В-третьих, это для Пекина очень серьезный аргумент. Несмотря на значительный рост китайско-турецкого товарооборота, между Турцией и Китаем сохраняется целый комплекс серьезных противоречий. Никуда не делся и опыт неудачной попытки установления серьезных контактов между Эрдоганом и Си Цзиньпином в 2015—2016 годах. Существует мнение, что для турецкого лидера это обернулось июльским заговором и военным «недоворотом» 2016 года, а для китайской — арестом в начале марта 2018 года одного из крупнейших бизнесменов, главы финансово-нефтяной компании CEFC (China Energy Company Limited) Е Цзяньмина. Очень многие эксперты на Западе связывают эти события с недовольством рвущихся к власти в США как раз в эти дни радикально-либеральных кланов во главе с Джо Байденом. Не секрет, что его интересы представлены не только в Турции, где их продвигает оппозиция, рассыпающаяся сейчас в поздравлениях «избранному президенту Байдену», но и в Китае, где никуда не делись определенные элитные группы, связанные с верхами комсомола. Данная информация требует внимания хотя бы потому, что арест Е Цзяньмина очень похоже что был приурочен к открытию сессии ВСНП, которая именно тогда, в марте 2018 года, решала вопрос о конституционной реформе и отмене ограничений в два срока на пребывание лидера партии и страны у власти. Подобрали время, когда Си Цзиньпину было явно не до того.

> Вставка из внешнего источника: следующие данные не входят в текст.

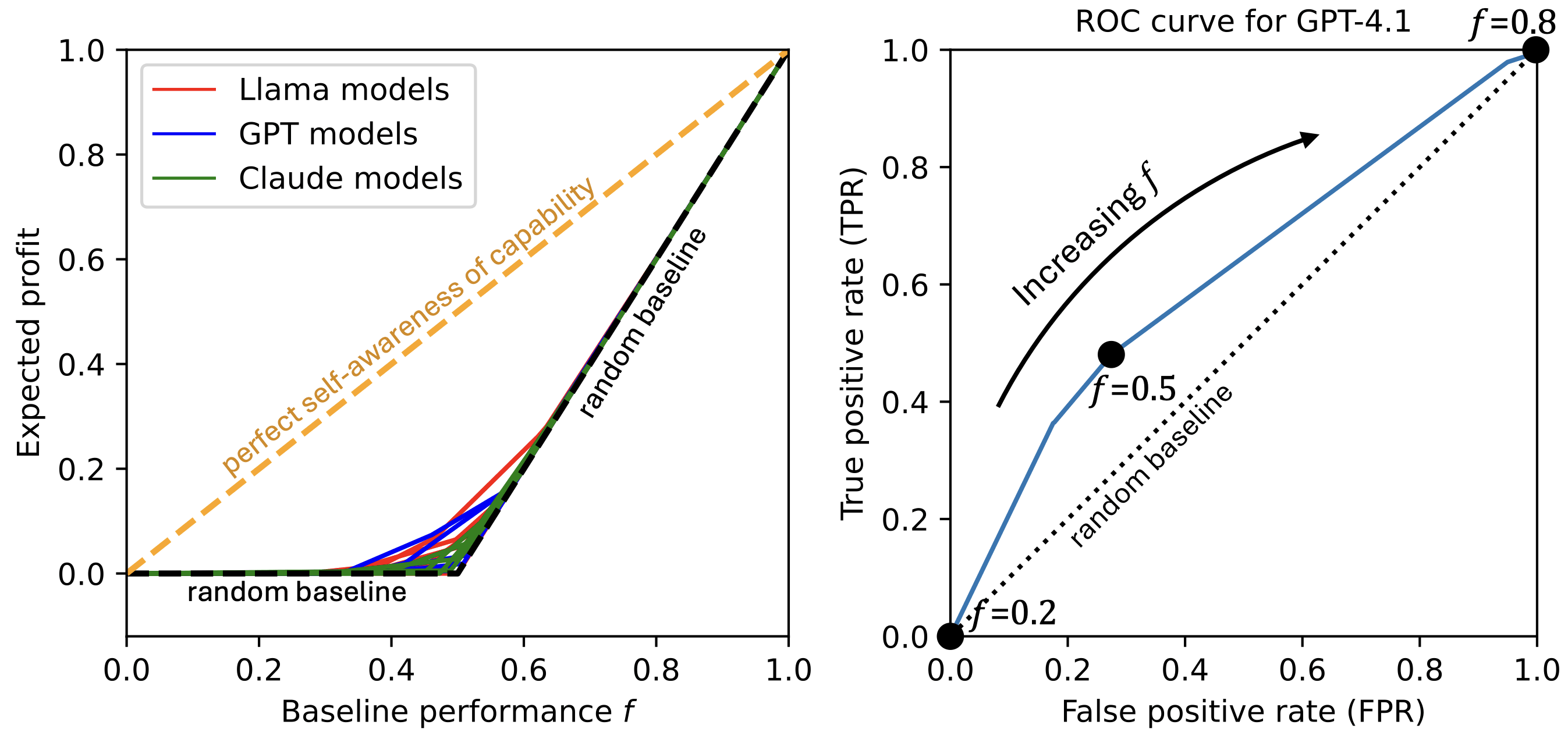 Suppose the difficulty of contracts is varied (by varying baseline performance ). For both low and high values of , current LLMs perform no better than random[9] even with the recalibrated approach. Only within a relatively narrow intermediate range of do current LLMs perform significantly better than random (Figure 2). Even for in this narrow range, current LLMs still perform far worse than an agent with perfect self-awareness of capability. Figure 2 (right panel) illustrates why LLMs only perform better than random within an intermediate range of : As f increases, the operating point[10] of the ROC curve corresponding to the optimal threshold shifts from the bottom left to the top right, and it is only significantly above the random baseline (diagonal dotted line) for intermediate values of .
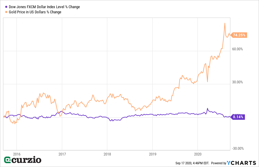 The chart below shows the price of gold vs. the Dow Jones FXCM Dollar Index, which tracks the value of the U.S. dollar relative to a basket of four currencies: the euro, the British pound, the Japanese yen, and the Australian dollar.
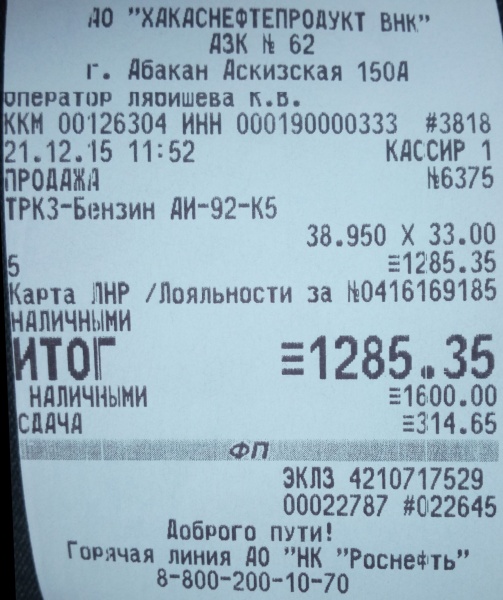 Заправка Бензин (AИ-92) (Роснефть)
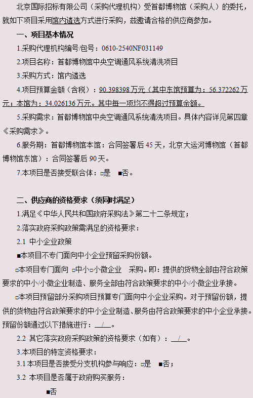 首都博物馆中央空调通风系统清洗项目遴选公告
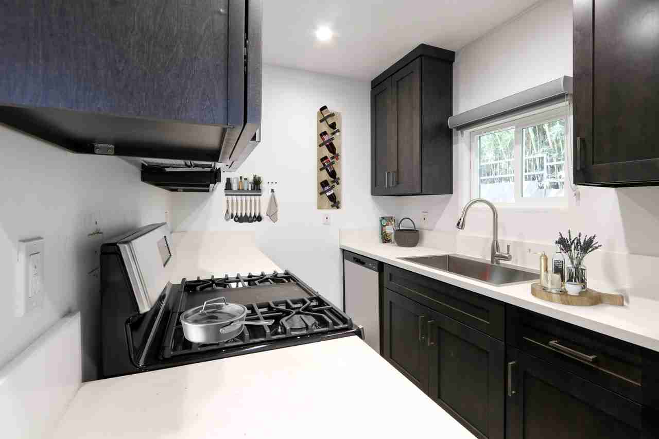 Carefully restored and designed by a renowned LA designer, these late 1950s modern luxury rental homes feature keyless entry door locks to spacious one and two-bedroom floor plans with newly renovated kitchen and bathrooms. The kitchen boasts sparkling white stone quartz countertops with brand new self-closing cabinetry and high-end stainless-steel refrigerators with matching gas cooktop with oven and microwave. iRing doorbells with a smart home video security camera are also included. There’s a community washer and dryer on site. Bathrooms feature porcelain tiled bath tubs and glass shower doors. Each rental home also includes central A/C cooling and heating with recessed lights with luxury style cellular shade window blinds and distressed wood plank floors. | INTERIOR | - Cellular Shade Window Blinds - Spacious Designer Floor Plan - Vinyl Plank Flooring | KITCHEN | - Modern Designer Cabinetry - Quartz Countertops - Stainless-Steel Appliances - Refrigerator - Range w/ Oven - Microwave - Open Kitchen Space Layout | BATH | - Tiled Shower and Bath - Glass Shower Doors - Oversized Vanity Mirror | AMENITIES | - WASHER & DRYER (Community) - Assigned Parking

Но главное противоречие между Анкарой и Пекином, дающее о себе знать с тех пор, — резкая активизация критики Эрдоганом, даже вопреки мнению своих партнеров во власти, китайской политики в Синьцзян-Уйгурском автономном районе (СУАР), в котором местный коренной этнос представлен тюрками-уйгурами. Значительные усилия, предпринятые центральным правительством КНР и властями Синьцзяна по развитию региона, натыкаются на османско-имперские амбиции турецкого лидера, которые он распространяет на весь Ближний и Средний Восток и в первую очередь — на тюркский мир. Симпатии Эрдогана однозначно находятся на стороне уйгурского сепаратизма, и в Пекине не могут этого не учитывать. Второе важное противоречие, по утверждению специалистов, естественная конкуренция Турции и Китая как крупнейших мировых товаропроизводителей, продукция которых распространяется по всему миру — от Европы и России до Средней Азии и даже Африки. Имеется и еще одно противоречие, которое сталкивает Анкару, считающую себя, повторим это, лидером тюркоязычного мира, и Пекин в Средней Азии, где две страны борются за доступ к богатым сырьевым ресурсам энергоносителей. Темпы развития китайской экономики диктуют расширение энергопотребления, а для Турции, с ее стороны, помимо регионального влияния, важен и собственный маршрут нефтяного и газового экспорта в противоположном от Китая направлении на Запад.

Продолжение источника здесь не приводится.